Especialistas em acidentes aéreos ouvidos pelo jornal Correio Braziliense indicam que o acúmulo de gelo nas asas é a principal hipótese para explicar a queda do avião ATR da Voepass, que fazia a rota entre Cascavel (PR) e Guarulhos (SP) na manhã de ontem. No entanto, esse fator isolado não é suficiente para esclarecer por que a aeronave caiu.
Ainda há muitas perguntas, especialmente sobre a falta de comunicação dos pilotos com o controle de tráfego aéreo, que é um procedimento básico de segurança em caso de anormalidades no voo. Não houve nenhum contato entre a tripulação e a torre de controle do Aeroporto Internacional de Guarulhos antes do acidente.
Segundo o perito aeronáutico Daniel Calazans, "Boletins meteorológicos indicavam formação severa, então, não dá para concluir que essa seja a causa do acidente. Contudo, a gente tem uma boa linha de investigação. O congelamento das asas e a formação de gelo na superfície da aeronave é uma linha muito forte de investigação".
Na data do acidente, as regiões Sul e Sudeste registravam temperaturas extremamente baixas para a época do ano. De acordo com o especialista, a entrada de uma frente fria alterou significativamente as condições meteorológicas. "Na região em que ele estava voando, houve formação de gelo, e outras aeronaves pediram desvio daquela região. Essa aeronave, não sabemos o porquê, não solicitou nenhuma mudança (de rota ou altitude)", afirmou Calazans.
Ele explica que, diante de uma temperatura que favorecia a formação de gelo, "o piloto tinha que abandonar aquela altitude e descer a níveis com temperaturas mais altas para evitar a formação de gelo".
A teoria do acúmulo de gelo nas asas também é sustentada por pilotos experientes da Força Aérea Brasileira (FAB) como a mais provável para explicar o desastre. Um alto oficial ressalta, porém, que acidentes geralmente não acontecem por um único motivo, e que problemas mecânicos, elétricos, eletrônicos, além de possíveis erros humanos, também serão investigados.
Uma das questões centrais é entender por que o piloto não fez contato com a torre de controle de Guarulhos para relatar algum problema. "O avião, quando está prestes a entrar em estol (perda de sustentação), dá sinais ao piloto. E todos têm treinamento para sair dessa situação", disse o oficial. Ele lembra ainda que o ATR é uma aeronave equipada com sistema anticongelamento. A análise dos dados do sistema operacional do avião, contidos em uma das duas caixas-pretas recuperadas ontem, deve ajudar a responder a essas perguntas.

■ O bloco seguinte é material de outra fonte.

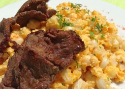 De la carne de res, se cortan asados no muy delgados y se los asa en manteca bien caliente.

A Voepass, companhia aérea parceira da Latam, tem sede em Ribeirão Preto (SP) e atende 47 cidades. A empresa herdou a tradição da antiga Passaredo, a companhia aérea mais antiga em atividade no Brasil, que entrou em processo de recuperação judicial em 2012 para sanar uma dívida estimada em R$ 150 milhões. Em 2019, a empresa mudou seu nome para Voepass após adquirir a MAP, uma operadora de transporte regional que atuava no Norte do país.
Para o professor Gustavo Inácio de Moraes, da Escola de Negócios da Pontifícia Universidade Católica de São Paulo (PUC-SP), a aquisição de empresas regionais por grandes companhias aéreas é uma tendência que já se consolidou no Brasil. "Com o fenômeno 'pandemia', por incrível que pareça, vimos grandes empresas aéreas em dificuldades, mas as empresas regionais acabaram tendo uma expansão muito importante naquele momento. A aquisição da Voepass pela Latam é uma tendência geral de mercado que já se consolida no Brasil", avaliou o professor.
O procurador-geral de Justiça de São Paulo, Paulo Sérgio de Oliveira, afirmou que o Ministério Público paulista participará das investigações sobre o acidente aéreo, mas, por enquanto, não vê razão para interromper as atividades da Voepass. Ele classificou como "muito prematura" a medida de interromper as operações da companhia e destacou que o foco atual é atender as vítimas. "Não surgiu nenhum elemento emergencial que venha a tomar qualquer atitude de interrupção das atividades", ponderou.